▶ **WHAT YOU SHOULD DO**:
I would like the lines below, from the one with "A used Korean" through the one with "TGDA组合密封-GGDA活塞杆用密封件-GGDA组合密封圈 1.标准材料 密封体:填充聚四氟乙烯F-PTFE", copied exactly and without any pictures.

▶ **RECORDED DATA**:
=== Section Start ===

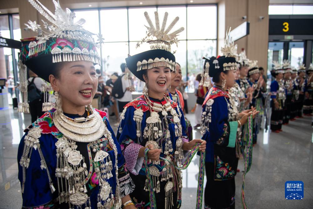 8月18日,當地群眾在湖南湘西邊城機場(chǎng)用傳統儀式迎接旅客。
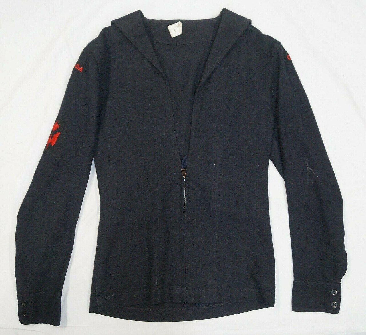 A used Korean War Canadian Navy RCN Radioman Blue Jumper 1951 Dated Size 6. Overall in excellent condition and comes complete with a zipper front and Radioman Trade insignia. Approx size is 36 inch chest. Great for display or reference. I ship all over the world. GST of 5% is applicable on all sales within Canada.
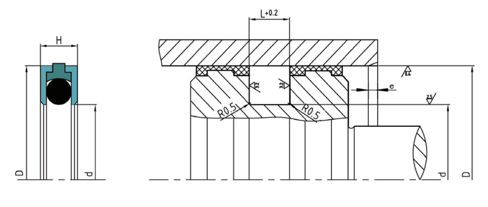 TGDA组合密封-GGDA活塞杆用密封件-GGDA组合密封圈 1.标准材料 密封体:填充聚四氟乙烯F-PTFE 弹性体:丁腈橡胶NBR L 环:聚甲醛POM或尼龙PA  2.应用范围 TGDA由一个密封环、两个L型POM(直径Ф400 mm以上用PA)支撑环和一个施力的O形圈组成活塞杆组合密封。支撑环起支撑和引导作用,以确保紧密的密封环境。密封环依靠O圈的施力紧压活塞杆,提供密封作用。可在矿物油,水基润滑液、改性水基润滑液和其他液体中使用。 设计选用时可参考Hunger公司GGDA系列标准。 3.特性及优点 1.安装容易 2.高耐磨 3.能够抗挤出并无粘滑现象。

=== Section End ===
=== Section Start ===

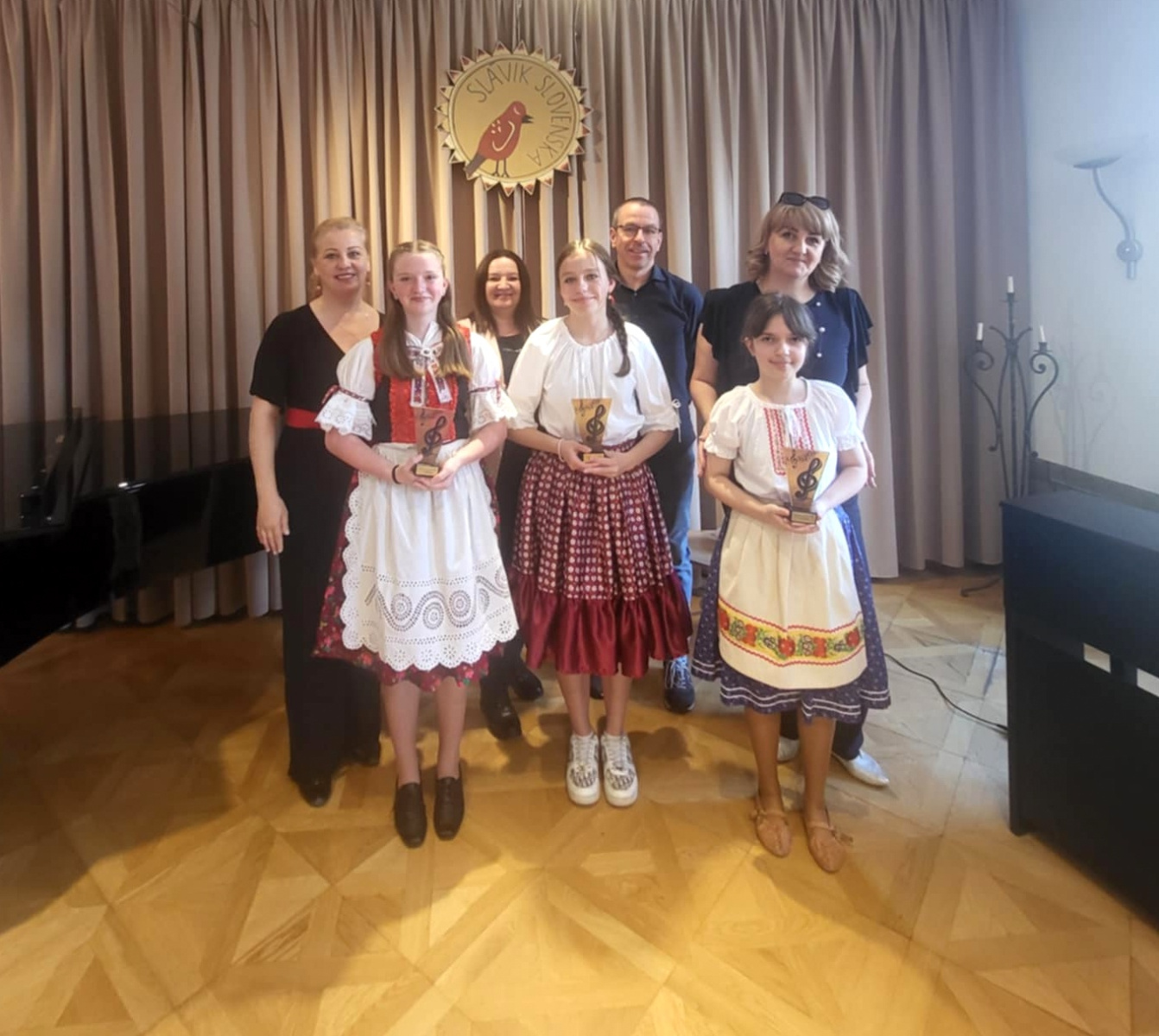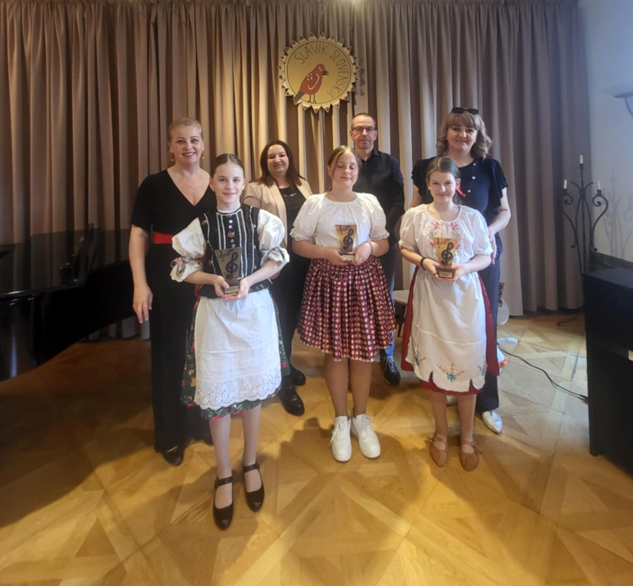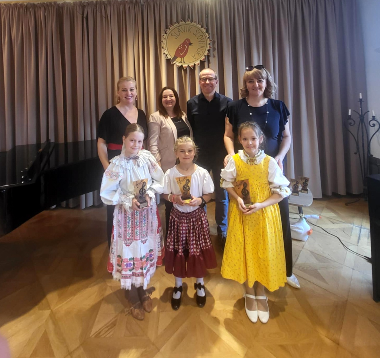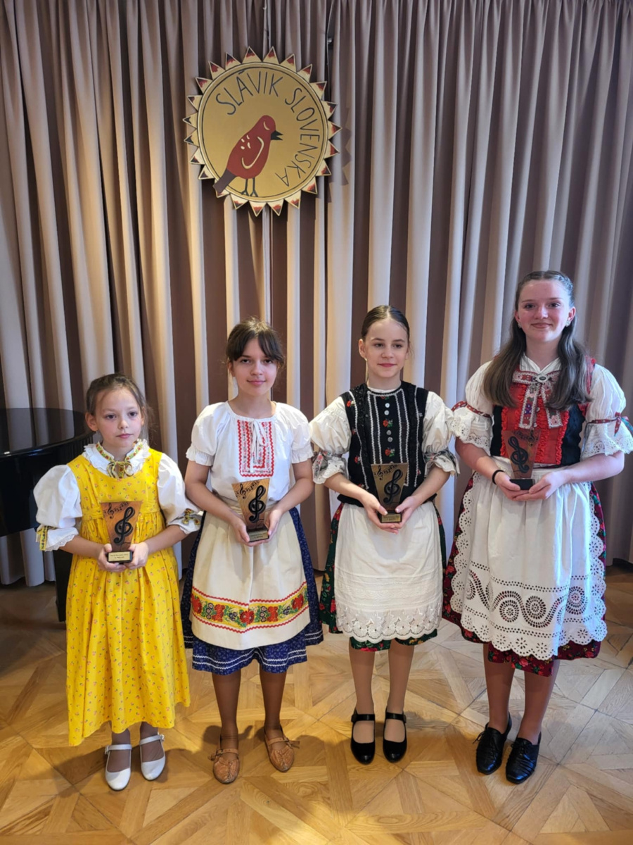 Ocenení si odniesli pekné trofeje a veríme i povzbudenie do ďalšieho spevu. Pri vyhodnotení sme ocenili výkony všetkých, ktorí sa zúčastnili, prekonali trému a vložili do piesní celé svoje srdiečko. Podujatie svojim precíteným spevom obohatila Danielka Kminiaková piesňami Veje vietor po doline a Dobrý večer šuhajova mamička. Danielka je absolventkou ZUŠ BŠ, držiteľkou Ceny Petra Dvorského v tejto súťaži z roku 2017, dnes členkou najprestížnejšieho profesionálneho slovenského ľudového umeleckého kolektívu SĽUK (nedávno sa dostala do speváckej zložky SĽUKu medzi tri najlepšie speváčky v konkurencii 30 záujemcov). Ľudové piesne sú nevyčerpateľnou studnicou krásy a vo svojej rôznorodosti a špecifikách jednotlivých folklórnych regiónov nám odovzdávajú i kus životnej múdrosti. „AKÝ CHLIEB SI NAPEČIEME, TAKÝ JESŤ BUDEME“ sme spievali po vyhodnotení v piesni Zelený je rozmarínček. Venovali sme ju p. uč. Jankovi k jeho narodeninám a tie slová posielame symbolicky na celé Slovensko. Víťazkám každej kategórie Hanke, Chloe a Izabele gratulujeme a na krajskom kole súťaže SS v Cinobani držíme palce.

=== Section End ===

▶ **SOLUTION FOR THIS EXERCISE**:
 A used Korean War Canadian Navy RCN Radioman Blue Jumper 1951 Dated Size 6. Overall in excellent condition and comes complete with a zipper front and Radioman Trade insignia. Approx size is 36 inch chest. Great for display or reference. I ship all over the world. GST of 5% is applicable on all sales within Canada.
 TGDA组合密封-GGDA活塞杆用密封件-GGDA组合密封圈 1.标准材料 密封体:填充聚四氟乙烯F-PTFE 弹性体:丁腈橡胶NBR L 环:聚甲醛POM或尼龙PA  2.应用范围 TGDA由一个密封环、两个L型POM(直径Ф400 mm以上用PA)支撑环和一个施力的O形圈组成活塞杆组合密封。支撑环起支撑和引导作用,以确保紧密的密封环境。密封环依靠O圈的施力紧压活塞杆,提供密封作用。可在矿物油,水基润滑液、改性水基润滑液和其他液体中使用。 设计选用时可参考Hunger公司GGDA系列标准。 3.特性及优点 1.安装容易 2.高耐磨 3.能够抗挤出并无粘滑现象。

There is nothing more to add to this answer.